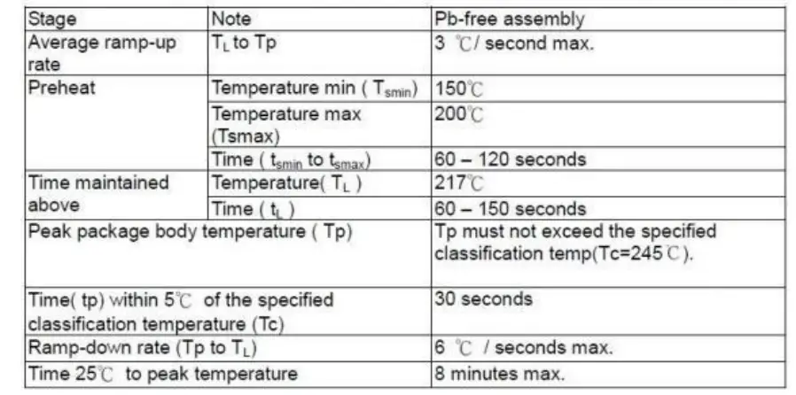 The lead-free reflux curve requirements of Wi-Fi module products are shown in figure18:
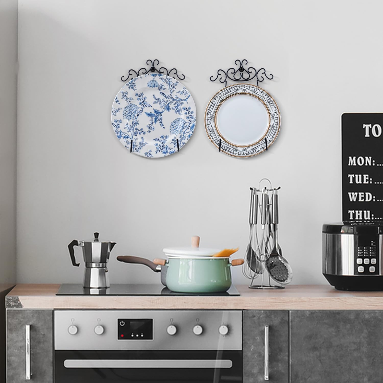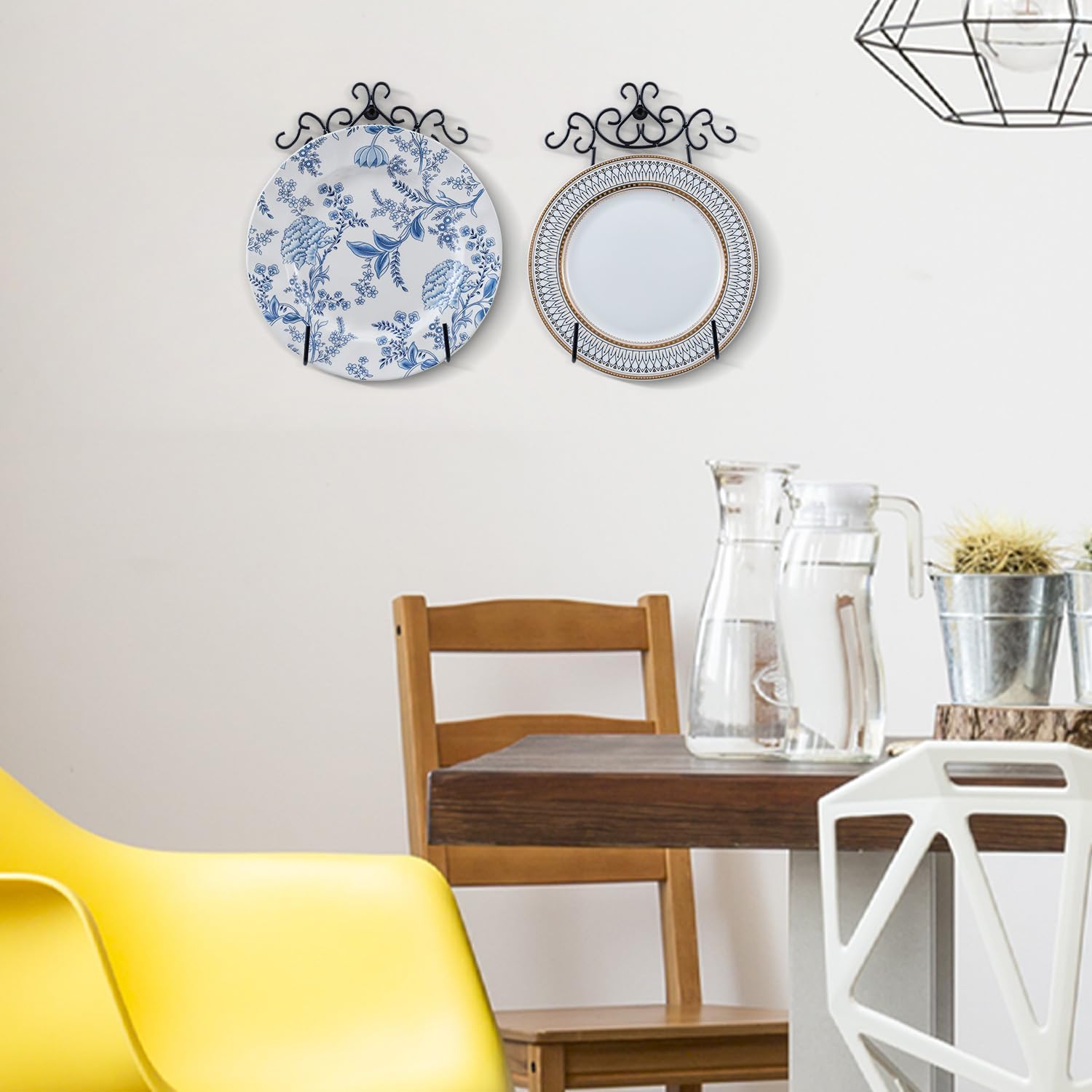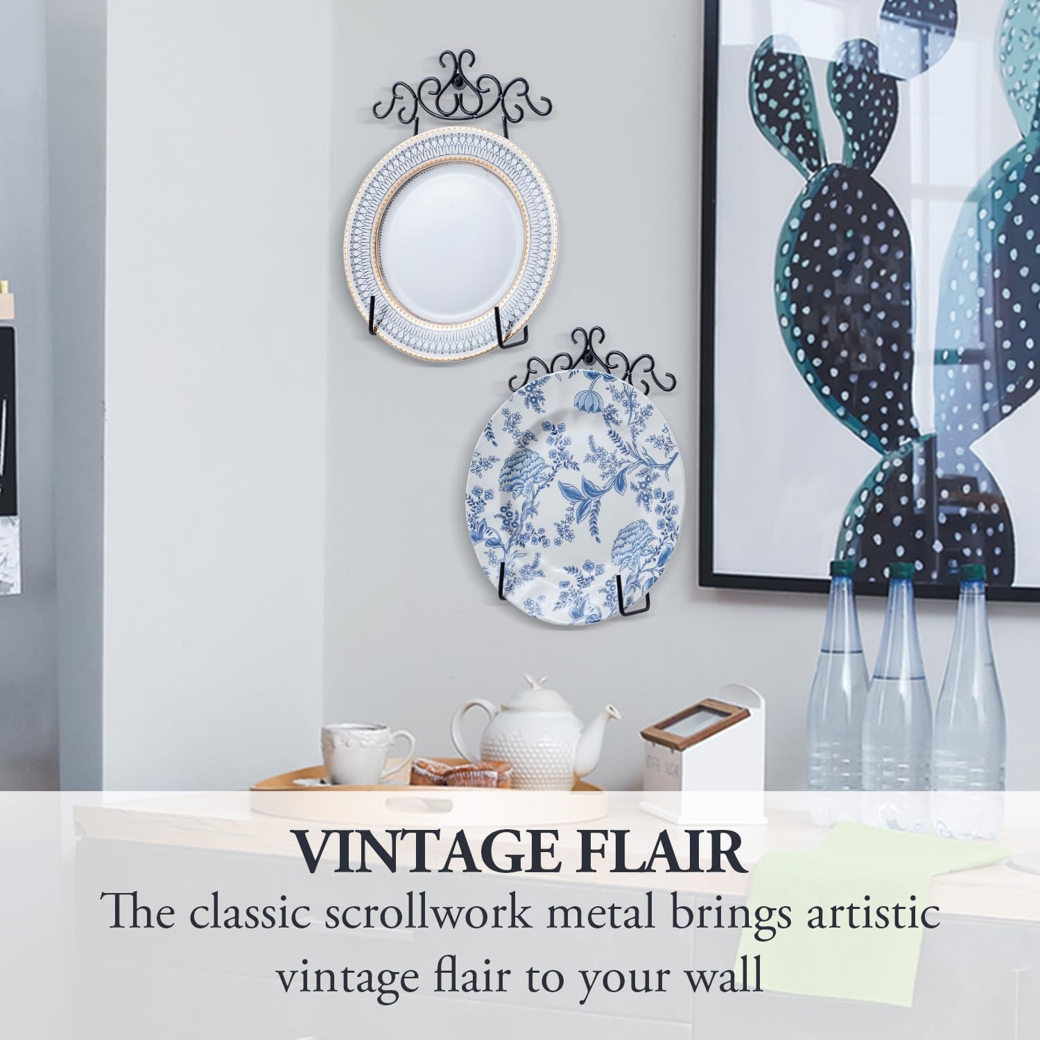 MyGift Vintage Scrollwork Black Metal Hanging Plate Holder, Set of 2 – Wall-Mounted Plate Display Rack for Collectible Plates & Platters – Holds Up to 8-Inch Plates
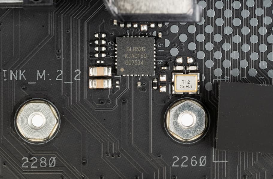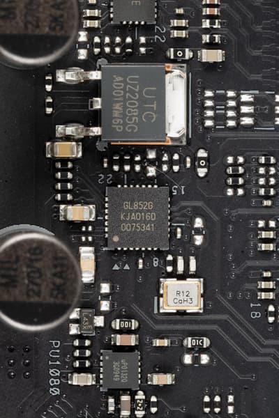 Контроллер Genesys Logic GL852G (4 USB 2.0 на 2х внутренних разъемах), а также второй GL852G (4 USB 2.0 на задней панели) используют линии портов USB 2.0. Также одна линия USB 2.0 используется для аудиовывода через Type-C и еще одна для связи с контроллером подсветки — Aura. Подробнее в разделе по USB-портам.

● ● ● ● ●

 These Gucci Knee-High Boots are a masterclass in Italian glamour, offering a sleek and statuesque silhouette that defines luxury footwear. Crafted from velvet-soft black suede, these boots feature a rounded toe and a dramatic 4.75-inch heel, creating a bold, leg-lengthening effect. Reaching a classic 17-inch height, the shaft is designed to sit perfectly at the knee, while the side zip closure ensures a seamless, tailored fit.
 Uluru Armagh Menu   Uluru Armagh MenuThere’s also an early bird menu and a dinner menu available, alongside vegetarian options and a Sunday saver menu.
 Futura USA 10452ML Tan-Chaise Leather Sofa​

● ● ● ● ●

*Exercise brief*
Leave the pictures out. Output, exactly, the lines of the material above starting at the line containing "The lead-free reflux" and ending at the line containing "MyGift Vintage Scrollwork".

*Exercise response*
 The lead-free reflux curve requirements of Wi-Fi module products are shown in figure18:
 MyGift Vintage Scrollwork Black Metal Hanging Plate Holder, Set of 2 – Wall-Mounted Plate Display Rack for Collectible Plates & Platters – Holds Up to 8-Inch Plates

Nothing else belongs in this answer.